Figure 1.Benvenuto Cellini's gigantic masterpiece sculpture Perseus With the Head of Medusa. This statue stands in the Loggia Dei Lanzi in Florence, Italy. Reprinted with permission from Blackwell Publishing, Ltd

Benvenuto Cellini (1500-1571) was one of the world's greatest sculptors and a connoisseur of sensuous living. He produced a gigantic masterpiece Perseus With the Head of Medusa. The casting of it was an artistic feat. Cellini was a Renaissance man in every sense. He was a goldsmith, sculptor, musician, and a swaggering figure that saw himself as Michelangelo's artistic equal.

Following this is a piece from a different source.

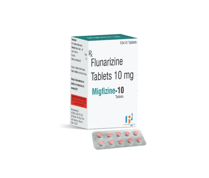 Composition : Flunarizine 10 Mg Packing : 10*10 Type : Blister Detail:-Migfizine‑10 (Flunarizine 10 mg) tablets by Indizen Pharma are used for the prevention of migraine and related vestibular disorders

Cellini contracted syphilis at the age of 29 years.4 When he was in the secondary stage of syphilis with a vesicular rash, he was advised to have mercury therapy, but refused because he had heard of the undesirable effects of mercury.5 He received lotion therapy, and leeches were also applied. However, the "syphilis pox" skin rash relapsed. Cellini subsequently became ill with malaria, which was common in Rome at the time. The malaria caused him to become extremely febrile and led to improvement of his symptoms following attenuation of the spirochetes by the high fever. The Romans and the Greeks believed that malaria was due to "bad air"; thus, it was called mal (bad) aria (air). They were not aware that it was caused by a parasite. The fever of malaria obviously had a transient, minimal effect on the clinical course of Cellini's syphilis. In 1539, Roy Diaz De Isla observed the minimal therapeutic value of malaria on syphilis.6 Four hundred years later, in 1927, the Nobel Foundation awarded a Nobel Prize to Julius Wagner Jauregg for malaria therapy of syphilis, which was ineffective, as demonstrated in Cellini's case in 1529.